>>>>
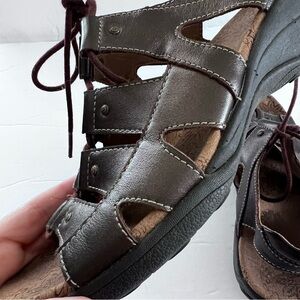 Taos Women’s Leather Lace Sandal Dark Brown size 9
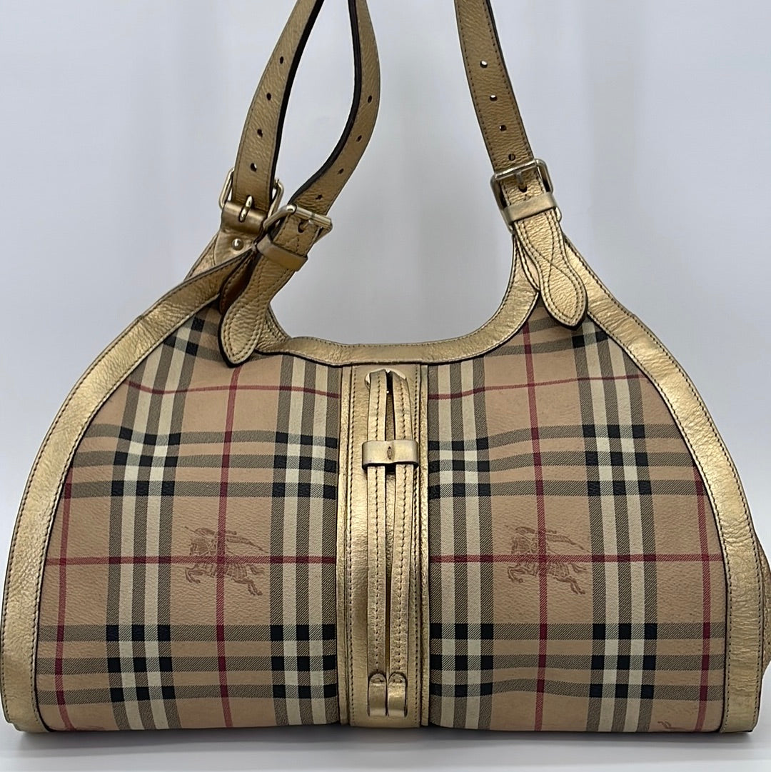 Preloved BURBERRY Haymarket Check Canvas Metallic Leather Shoulder Bag
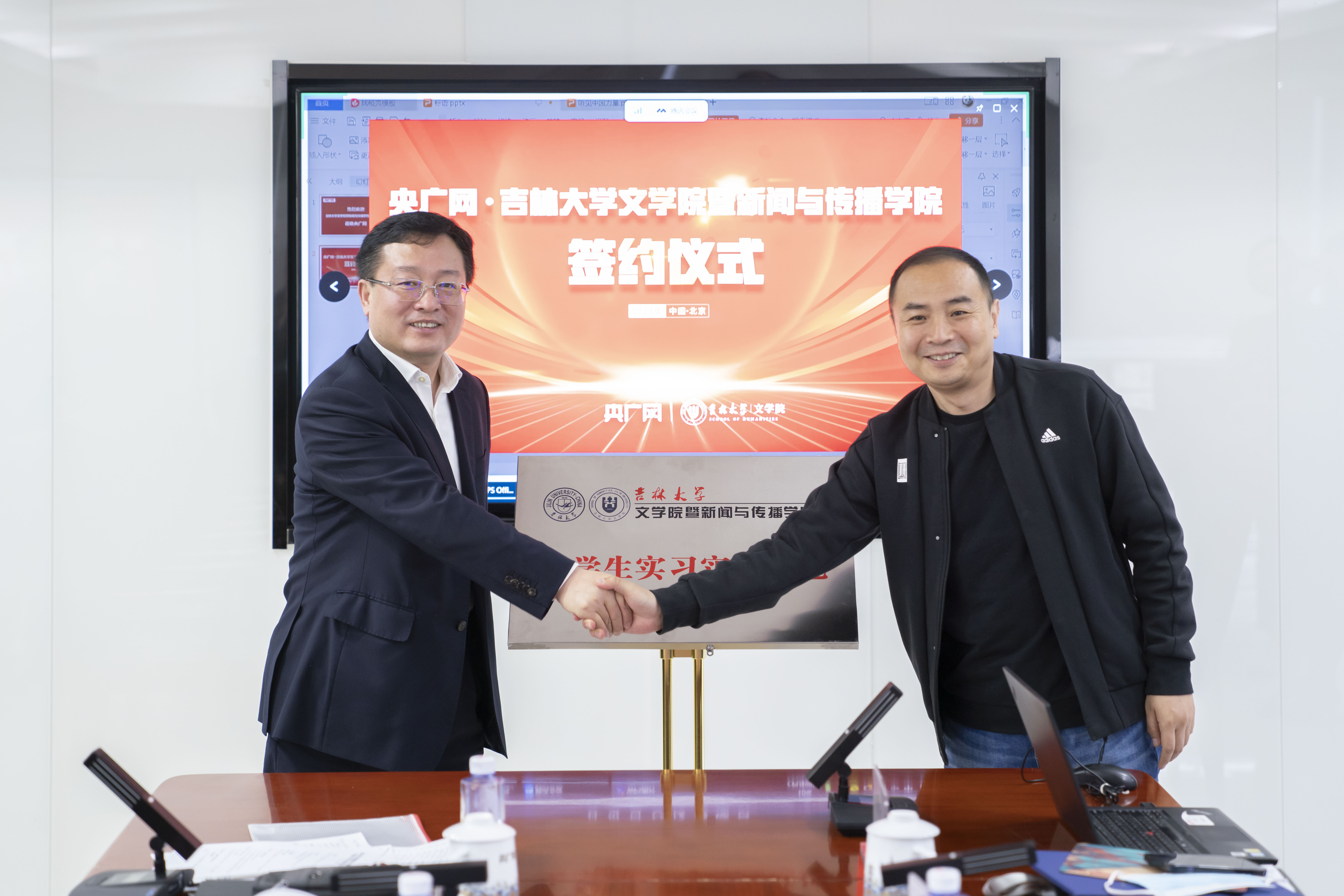 央广网副总编辑伍刚、副总经理宫歆慧、人力资源高级总监汪潇、央广网吉林分公司负责人邢程,3377官方网站_3377(中国)副书记杨一博、院长助理、校友办主任田鹏,学工办主任李芊满、新闻学系主任严俊教授等出席签约仪式。
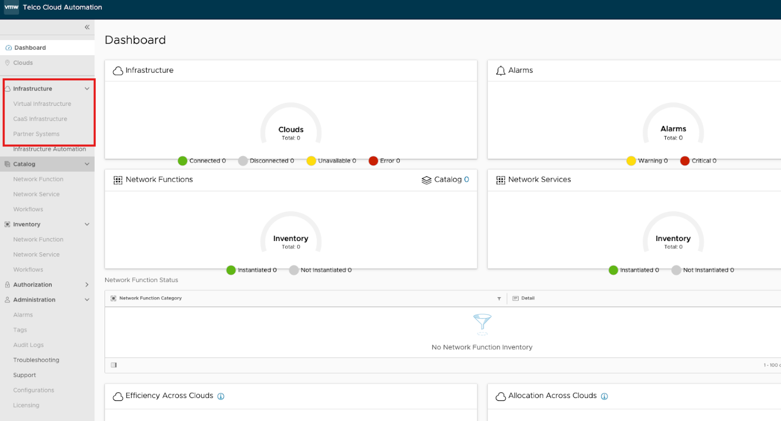 - After the initial deployment of TCA, the "Virtual Infrastructure" is greyed out even though license is applied.
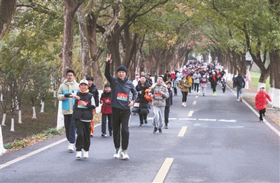 在盐官潮汐公园,不少市民选择用一场元气满满的迎新跑开启新一年。■记者 俞砚峰 摄
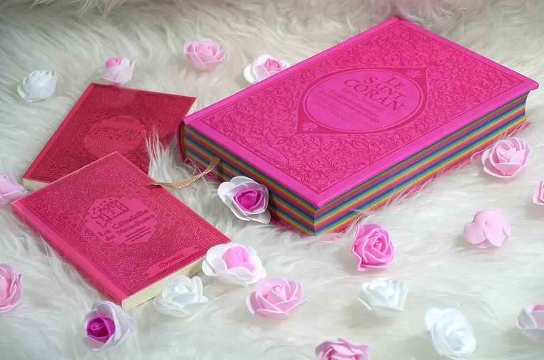 Coffret/Pack Cadeau pas cher de couleur rose pour femme musulmane : Les 40 hadiths an-Nawawî, Chapitre Amma et La Citadelle du Musulman - REF. 28487 (7.50 €)
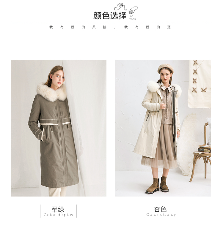 famecoco范可儿长款连帽羽绒服冬季外套F218AH007
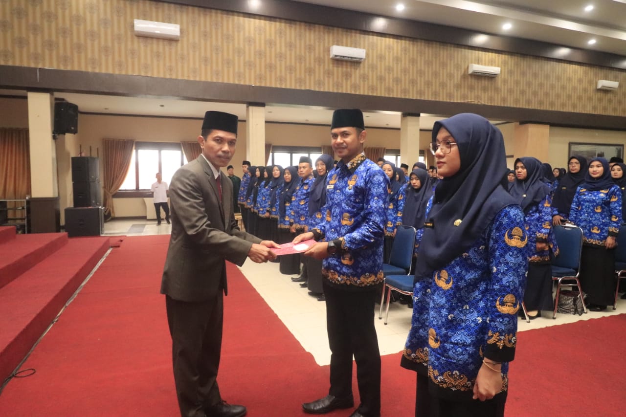 Plt Sekda Dafrul Pasi mewakili Pj Wali Kota Payakumbuh dalam sambutannya menyampaikan ucapan selamat kepada 213 guru dan 21 tenaga teknis yang dilantik secara resmi setelah proses panjang hingga berstatus P3K pada hari ini.
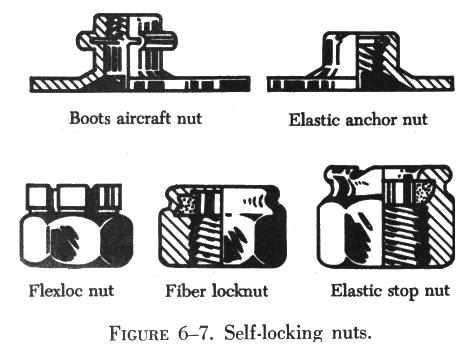 Most of the familiar types of nuts, including the plain nut, the castle nut, the castellated shear nut, the plain hex nut, the light hex nut, and the plain check nut are the nonselflocking type. (See figure 6-6.)
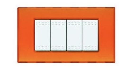 PLACCA 4 POSTI ARANCIO GEL SERIE LIGHT – BTICINO LEGRAND N4804AJ
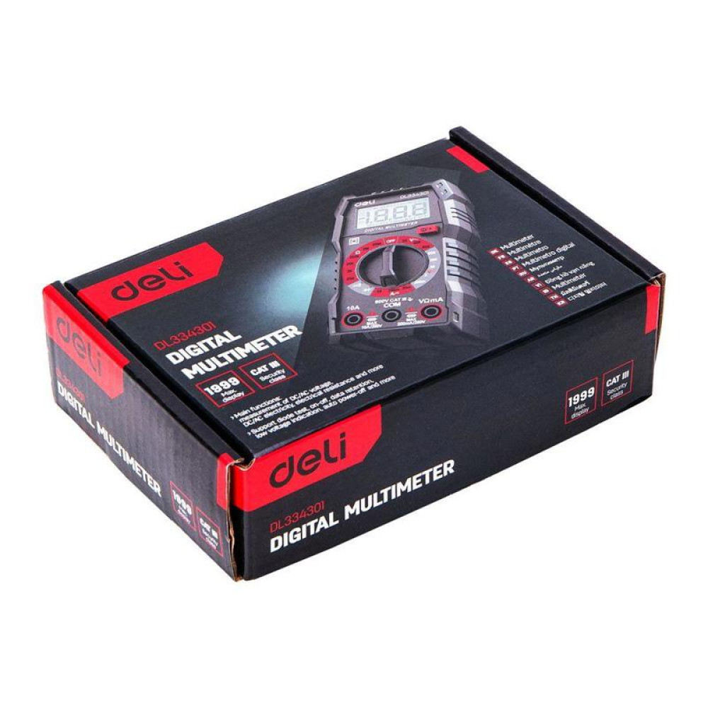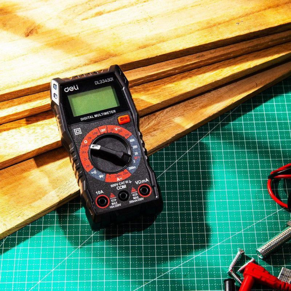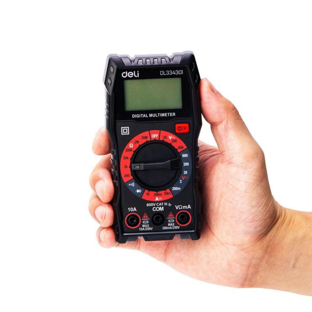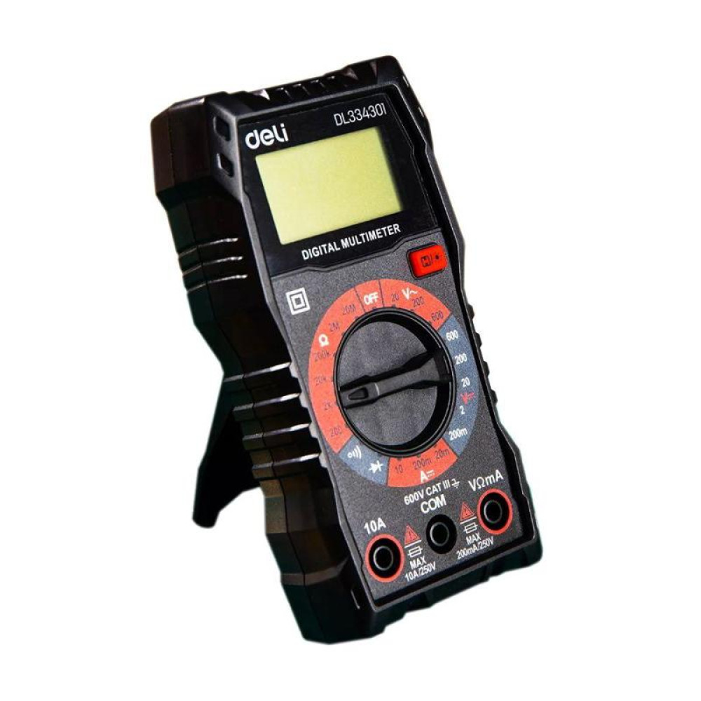 Многофункциональный цифровой мультиметр Deli DL334301 напряж. 0,2-600В, сила тока 0,02-10А, сопр. 0,0002-20 МОм, ЖК-дисплей
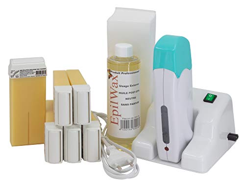EpilWax Complete Hair Removal Waxing Kit - With 12 Azulene Wax Roll-on Cartridges, Roll On Wax Heater, 100 Strips and Waxing Oil
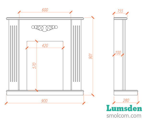 Размер выреза для установки электрокамина (ВxШxГ), мм: 570х420х133.
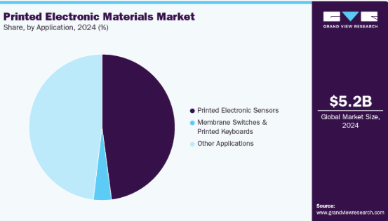 2024年時点で、印刷電子センサーセグメントが47.9%の最大収益シェアを占め、医療、自動車、産業アプリケーションにおける広範な採用を反映しています。低消費電力、柔軟性、コスト効率の高さから、ウェアラブル機器、環境モニタリング、スマートパッケージングに最適です。印刷バイオセンサーと圧力センサーの継続的な進歩により、検出精度と応答性が向上しています。センサーのIoTネットワークへの統合が進むことで、印刷エレクトロニクス分野におけるその優位性がさらに強化されている。
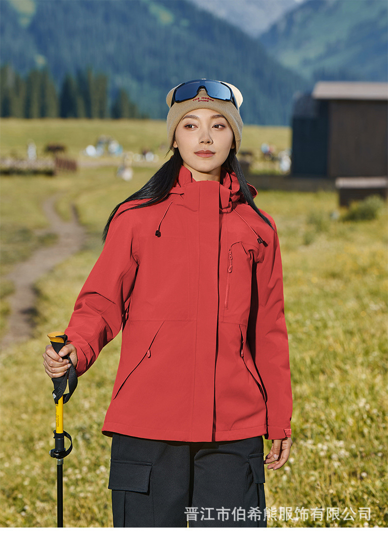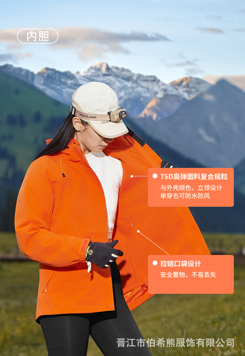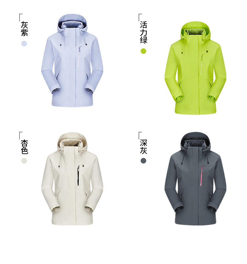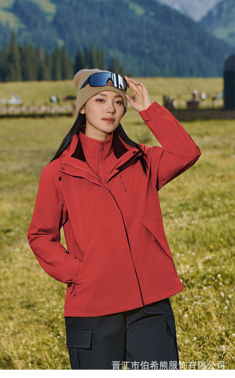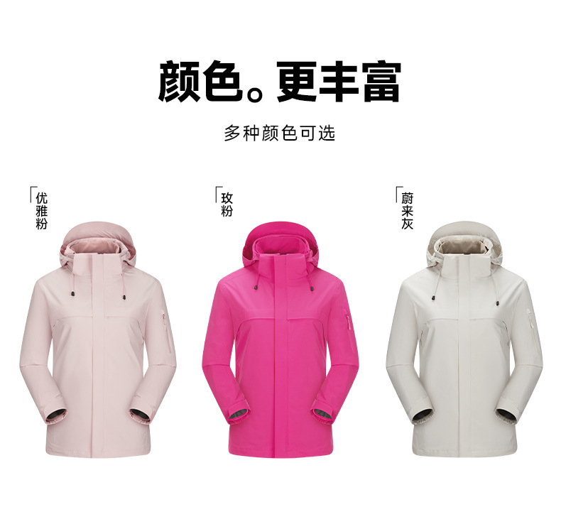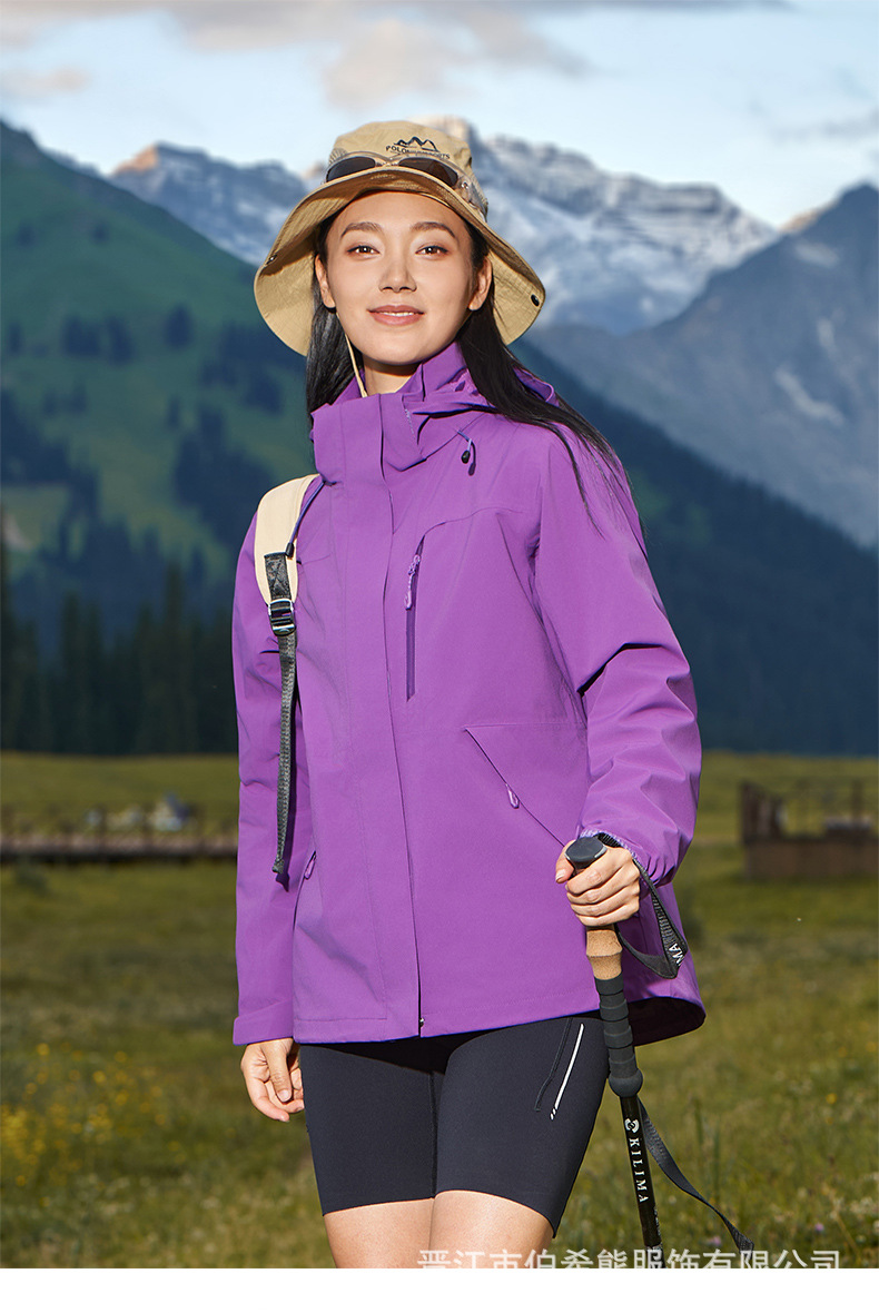 国标新款户外冲锋衣三合一女防风防水登山服外套可拆卸露营两件套
<<<<
Required work
Copy only this, please: the line with "EpilWax Complete Hair" and every line after it through the end of the data, with no pictures.

Problem solution
EpilWax Complete Hair Removal Waxing Kit - With 12 Azulene Wax Roll-on Cartridges, Roll On Wax Heater, 100 Strips and Waxing Oil
 Размер выреза для установки электрокамина (ВxШxГ), мм: 570х420х133.
 2024年時点で、印刷電子センサーセグメントが47.9%の最大収益シェアを占め、医療、自動車、産業アプリケーションにおける広範な採用を反映しています。低消費電力、柔軟性、コスト効率の高さから、ウェアラブル機器、環境モニタリング、スマートパッケージングに最適です。印刷バイオセンサーと圧力センサーの継続的な進歩により、検出精度と応答性が向上しています。センサーのIoTネットワークへの統合が進むことで、印刷エレクトロニクス分野におけるその優位性がさらに強化されている。
 国标新款户外冲锋衣三合一女防风防水登山服外套可拆卸露营两件套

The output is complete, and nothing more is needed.